確かに、それぞれの数字が示すインプリケーションが異なっていることは事実である。しかし、日銀短観の結果を用いて需給ギャップが推計されているわけではない。推計における不備や誤差を指摘するよりも、統計の意味を考えたほうが建設的であるように思われる。
結論を先に述べると、この違和感の正体は「人手不足感」と実際の「人手不足」の違いと解釈できる。
具体的には、日銀短観の雇用人員判断指数は雇用が「不足しているか過剰か」を問うた調査であり、筆者の言葉で言えば「人手不足感」の調査である。一方、労働力人口や総労働時間から推計される労働投入ギャップは、実際の「人手不足」のデータであることがポイントである。
生産年齢人口が急減し、慢性的に「人手不足感」
日銀短観の雇用人員判断DIは労働市場の需給バランスを示す重要なデータなのだが、企業の感覚に基づく「ソフトデータ」という点には注意が必要である。具体的には、短観の回答企業は「貴社の雇用人員」について、「1.過剰、2.適正、3.不足」の中から選択する。

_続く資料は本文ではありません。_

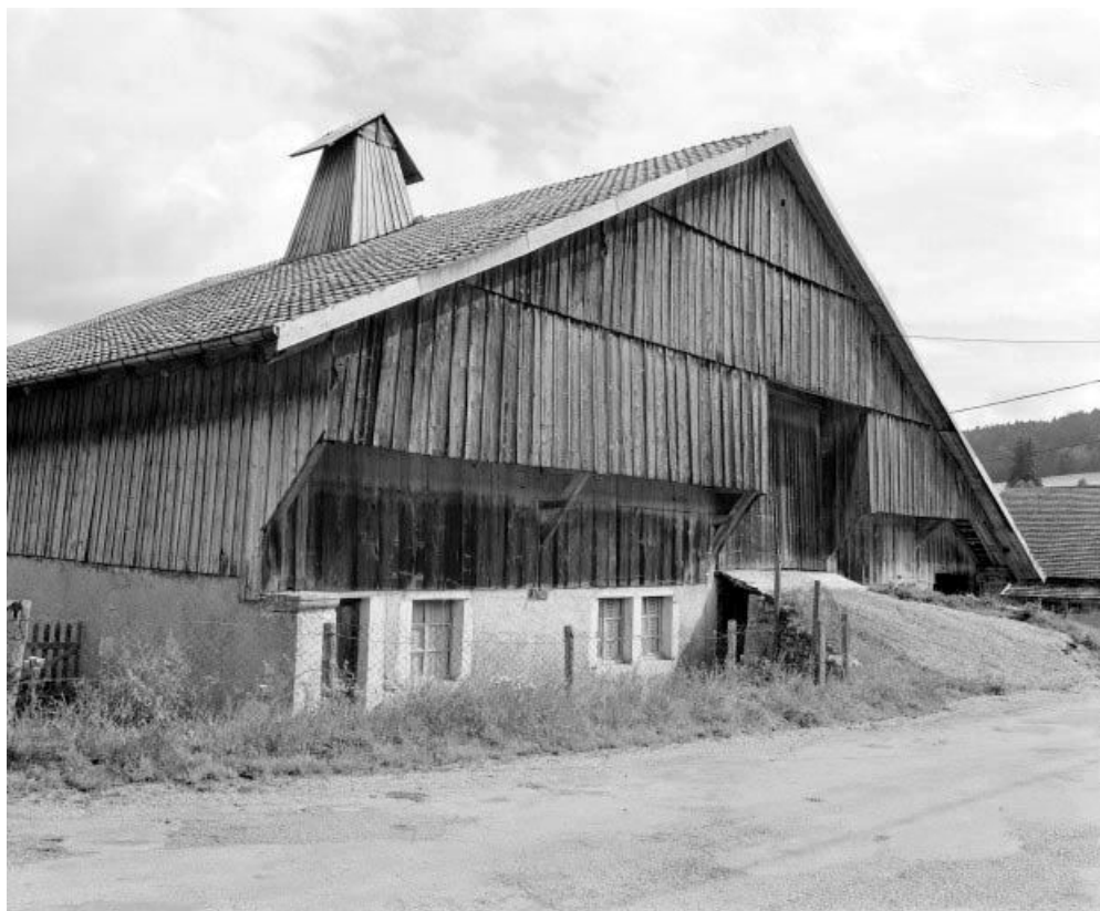
Façade sur rue, vue de trois quarts gauche.

そのため、例えば「3.不足」と回答した企業の中でも、①実際に人員不足で需要を取りこぼしているのか(絶対に人員拡大したい)、②人員不足だが既存のリソースで需要を満たしている状況なのか(できれば人員拡大したい)、③人員不足だが差し迫ってはいないのか(人員拡大の意欲は薄い)、判断するのが難しい。程度の差は補足しきれないのである。
したがって、①強い人手不足状態を示す状態から、③なんとなく人手不足である気がする状態にシフトしたとしても、そのこと自体は調査結果には反映されない。
日本は生産年齢人口が急速に減少しており(労働供給の減少)、慢性的に人手不足という感覚が生じやすくなっていると考えられる。その結果、企業が短観で「3.不足」と回答することが常態化している可能性があると筆者はみている。